▸ **DATA TO EXAMINE**
"""
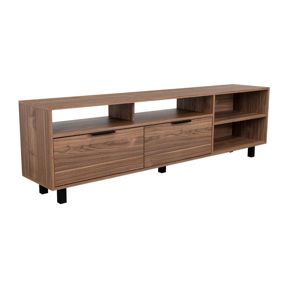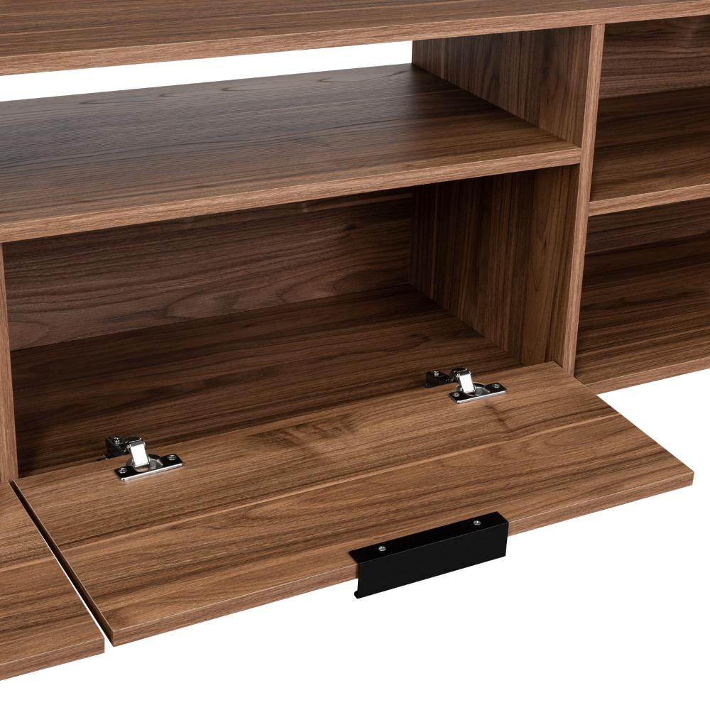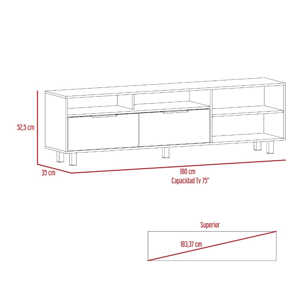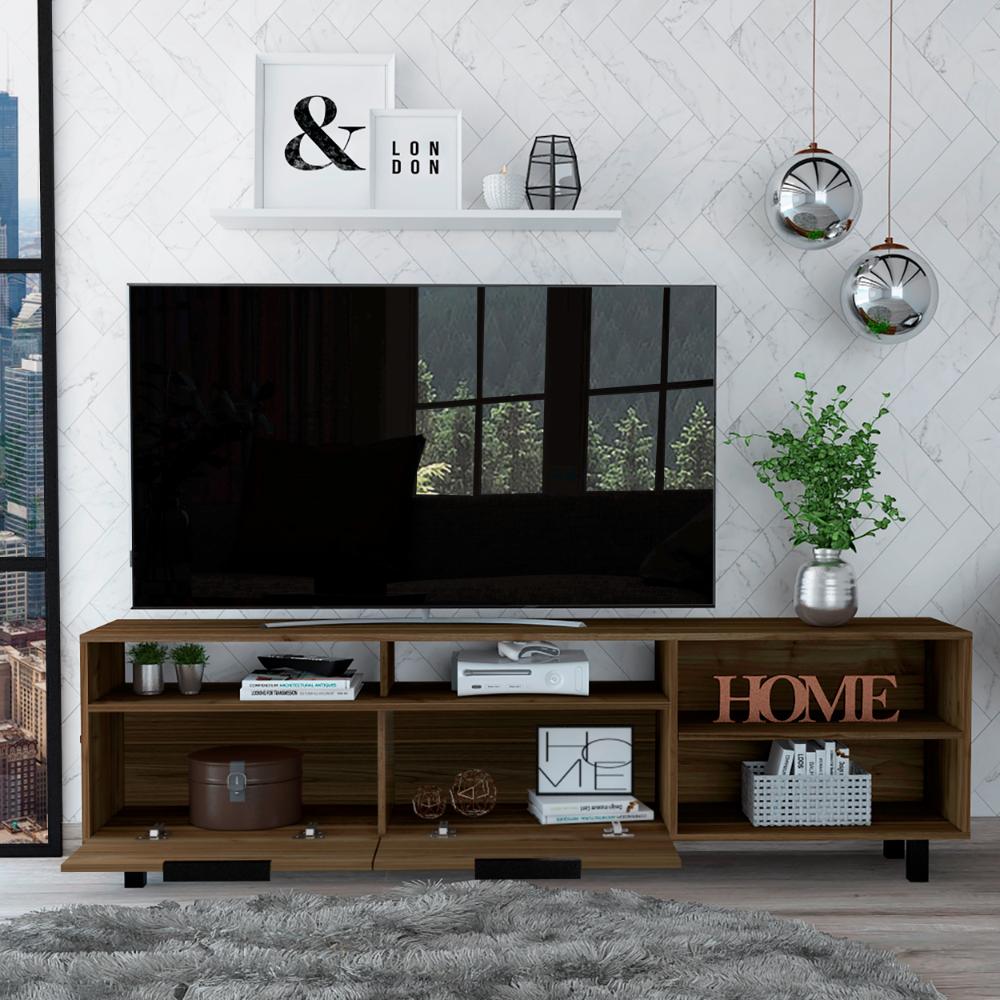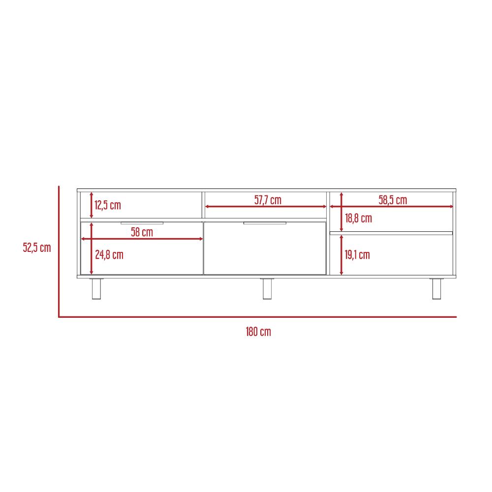Mesa para TV, con diseño moderno en combinación de color moderado y color plano, espacio central para TV hasta 75", entrepaños para colocar objetos decorativos, amplios compartimientos para equipo de audio y video.
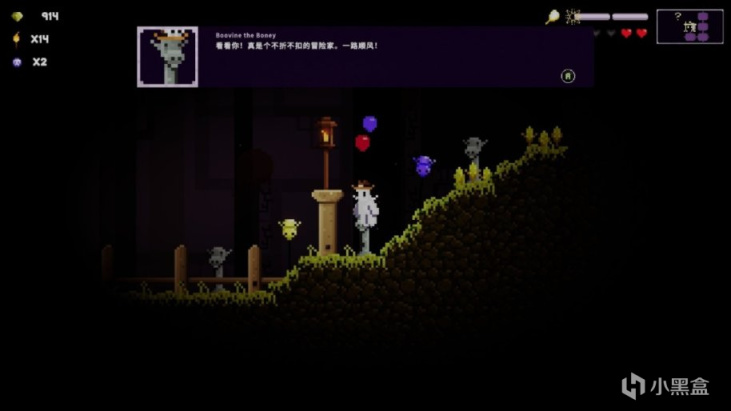 除了肉鸽元素带来的乐趣外,长夜之歌还通过NPC和剧情设计给玩家带来一些额外的游戏乐趣。在游戏中,有各种NPC,例如看守冒险者的守门人,尽管玩家就是冒险者但显然他没有看出来,并且还会用道具来换取火把。还有奶牛农场主,家里立了一堆顶部有着牛牛头的石碑。玩家每次在地图上遇到一个奶牛,这里就会有一个牛头碑发亮,激活后会出现一段心灵鸡汤。奶牛那里还有一个不错的设定,第一次摸牛头会给玩家回复一点生命值。
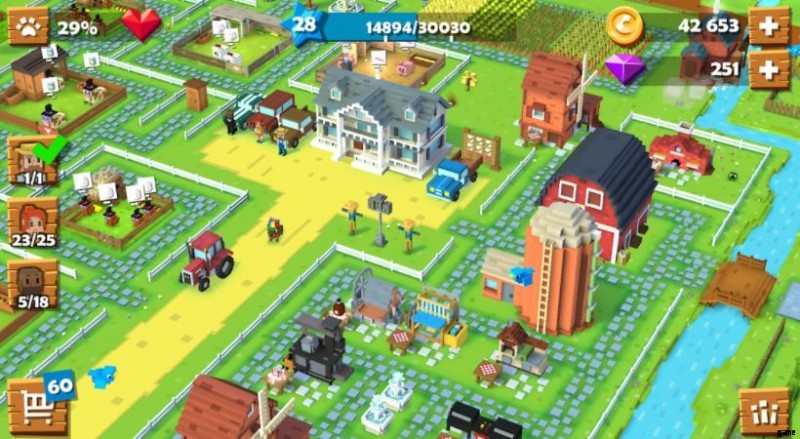 Blocky Farm は、3D Minecraft グラフィック、Farming Simulator、Stardew Valley ゲームプレイを組み合わせたものです。農場を管理し、建物をアップグレードし、かわいい動物の世話をし、魚を捕まえ、ボートに乗らなければなりません。トラクターやトラックを運転して畑から収穫し、商品を届けることができます。さらに、町の市民と友情を築き、スターデュー バレーのように変化する天候を体験できます。
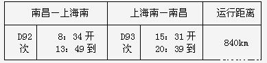 (1)D92次列车从南昌到上海南所用的时间是多少min?
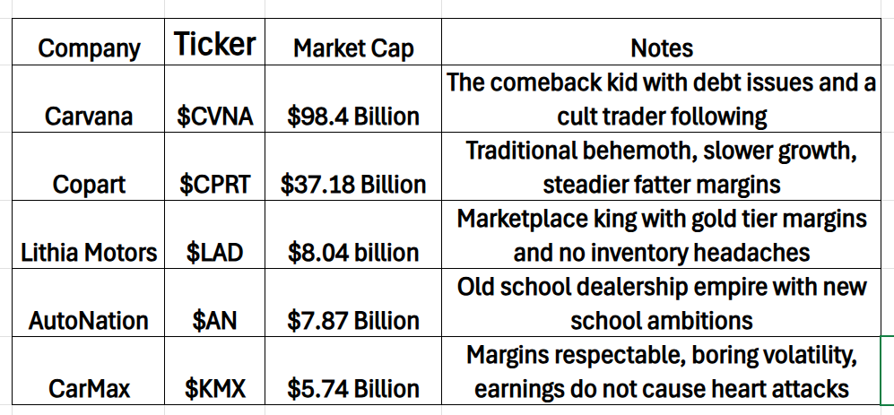 The takeaway: $CVNA is the high-volatility meme-stock-adjacent disruptor. Everyone else is the responsible adult wearing a seatbelt.
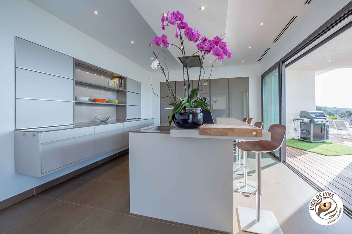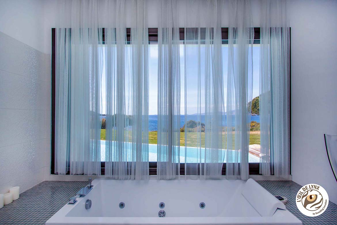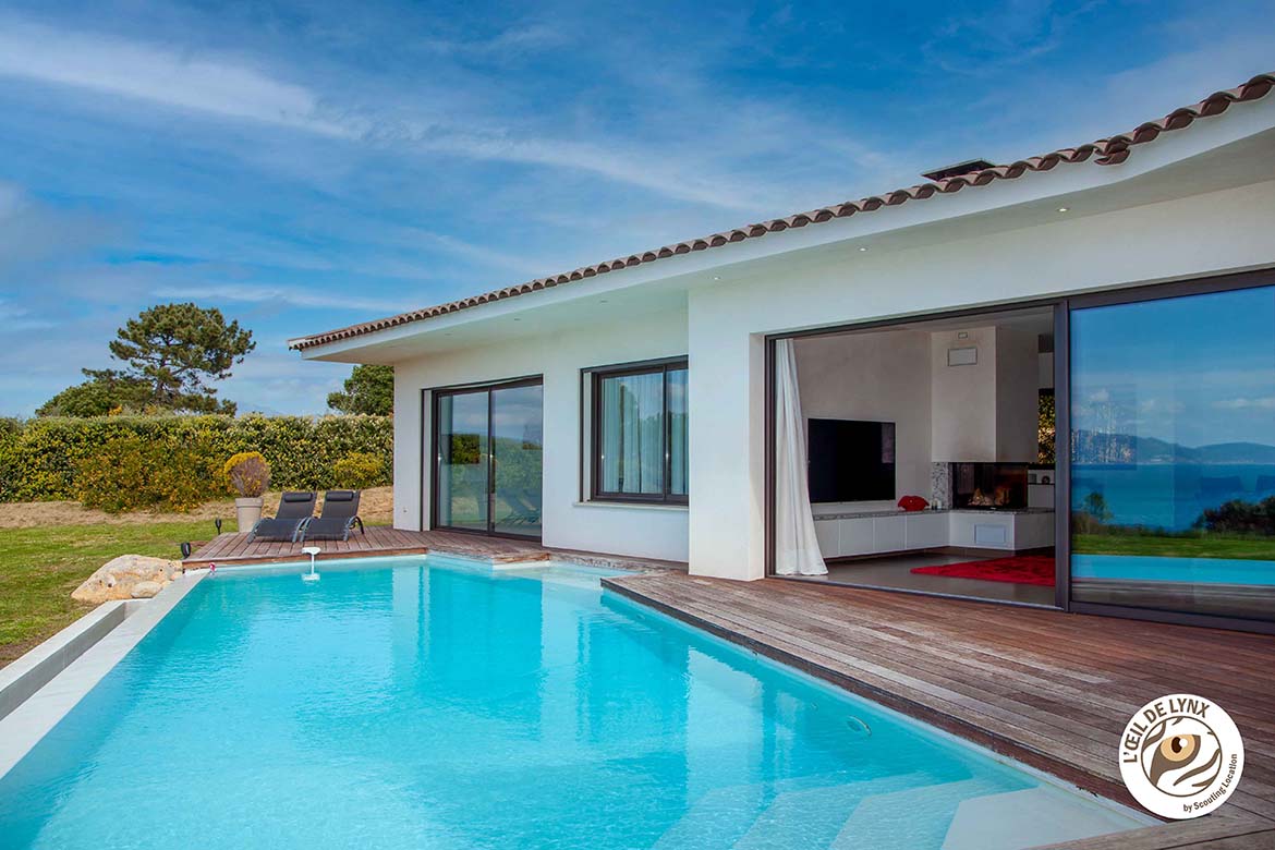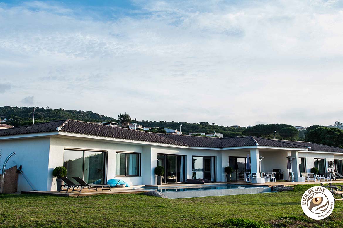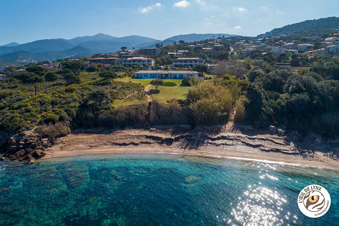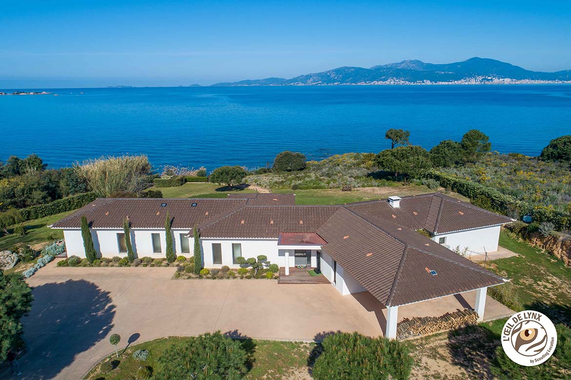 Magnifique villa contemporaine, pieds dans l’eau ,avec vue imprenable sur les Îles Sanguinaires et la presqu’île de l’Isolella . Villa d’architecte moderne avec piscine à débordement en pierre de Bali et jacuzzi intégré, terrain partiellement arboré avec une partie restée naturelle. 270 m2 habitable, 6700 m2 de terrain avec accès privé à la mer et vue panoramique.
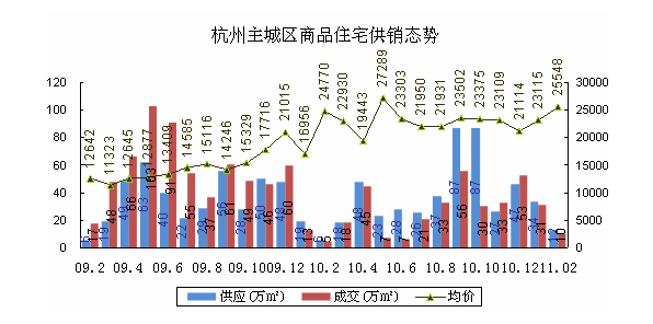 受新国8条以及杭州细则月底才出台影响,2月份杭州商品房供应偏少。
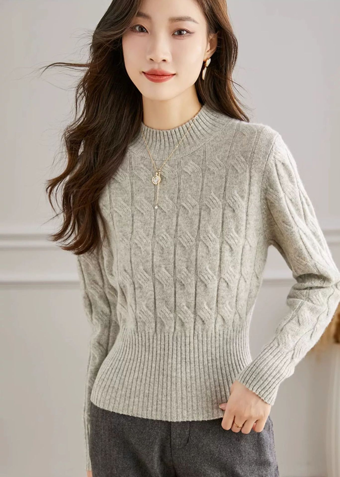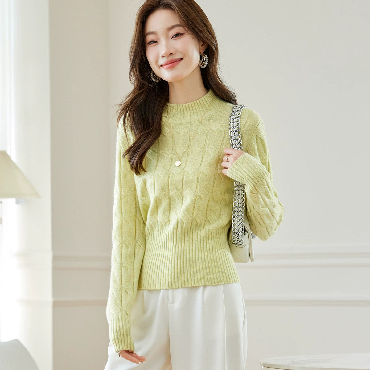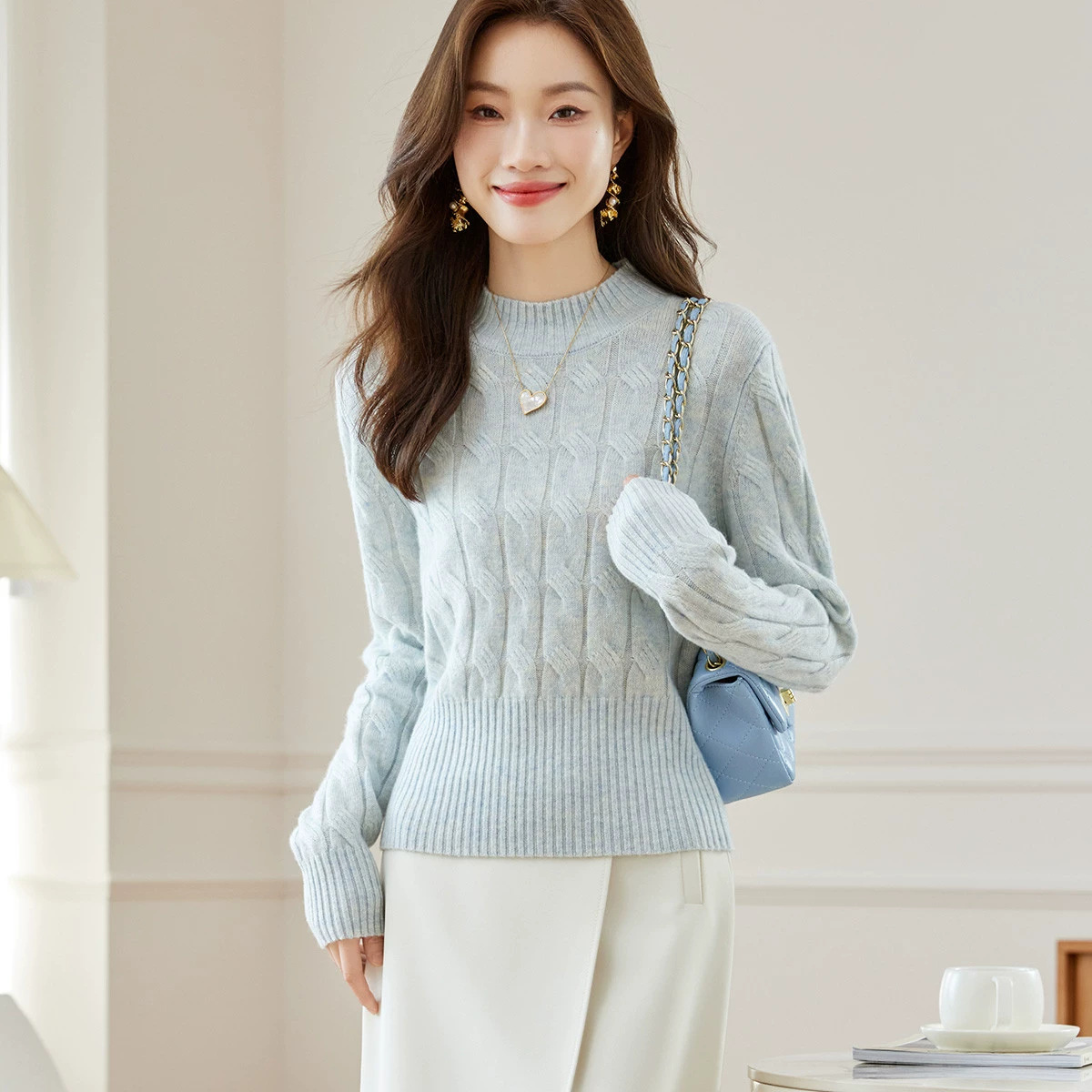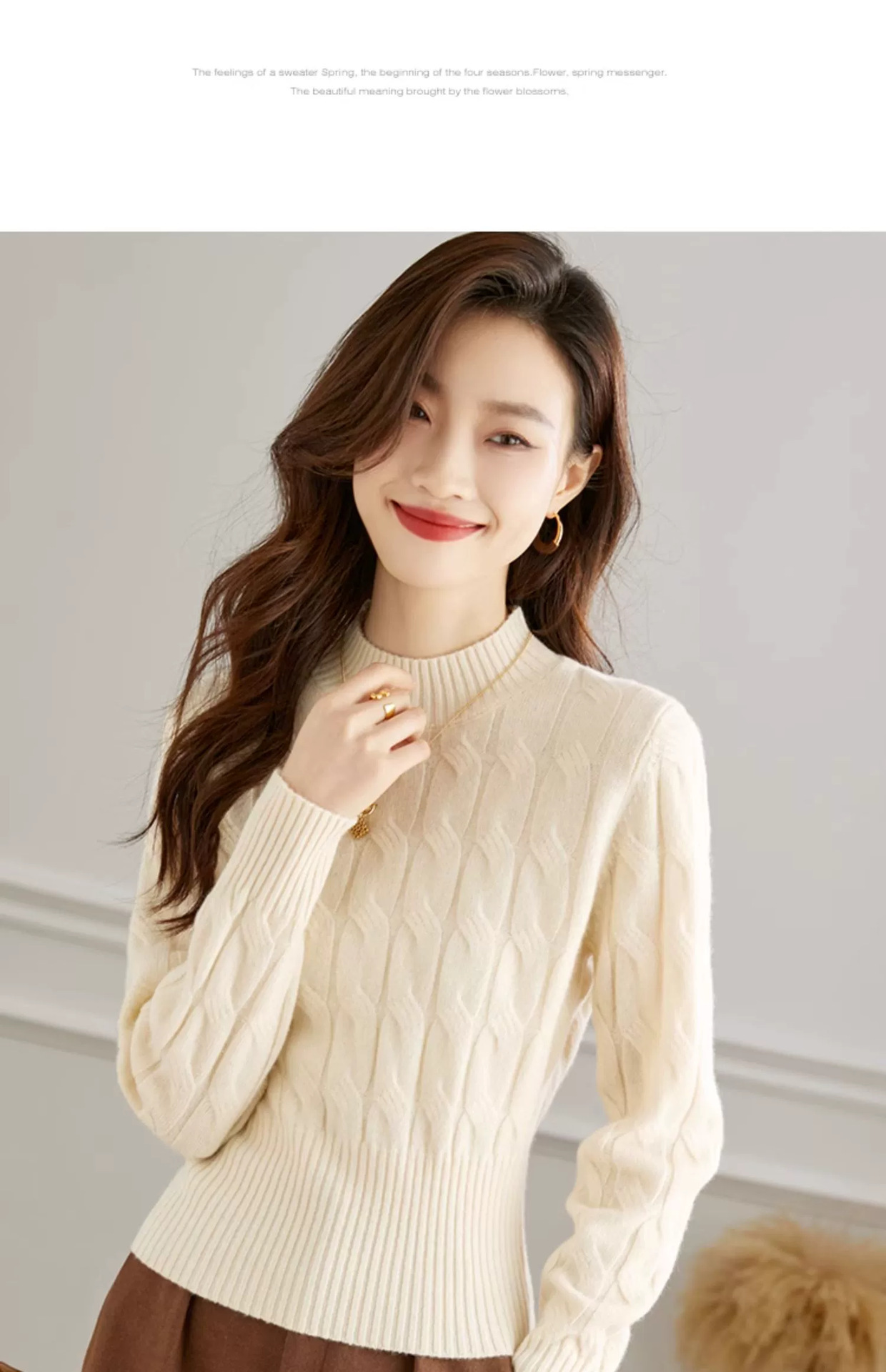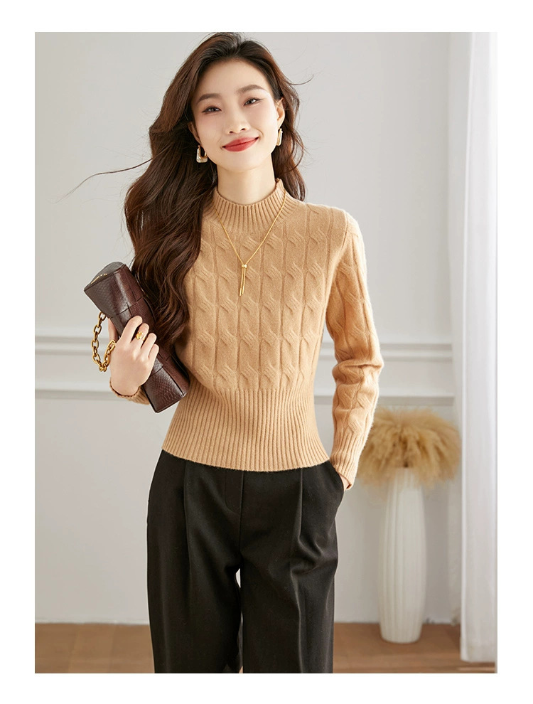 게으른 스타일 짧은 높은 허리 니트 스웨터 여성의 2024 가을 및 겨울 새로운 느슨한 패션 올 매치 하프 터틀넥 베이스 스웨터
"""
▸ **WHAT YOU NEED TO DO**
Retype, word for word, the line containing "(1)D92次列车从南昌到上海南所用的时间是多少min?" and each line after it through the end of the data, leaving any picture out.

▸ **ANSWER TO THIS PROBLEM**
 (1)D92次列车从南昌到上海南所用的时间是多少min?
 The takeaway: $CVNA is the high-volatility meme-stock-adjacent disruptor. Everyone else is the responsible adult wearing a seatbelt.
 Magnifique villa contemporaine, pieds dans l’eau ,avec vue imprenable sur les Îles Sanguinaires et la presqu’île de l’Isolella . Villa d’architecte moderne avec piscine à débordement en pierre de Bali et jacuzzi intégré, terrain partiellement arboré avec une partie restée naturelle. 270 m2 habitable, 6700 m2 de terrain avec accès privé à la mer et vue panoramique.
 受新国8条以及杭州细则月底才出台影响,2月份杭州商品房供应偏少。
 게으른 스타일 짧은 높은 허리 니트 스웨터 여성의 2024 가을 및 겨울 새로운 느슨한 패션 올 매치 하프 터틀넥 베이스 스웨터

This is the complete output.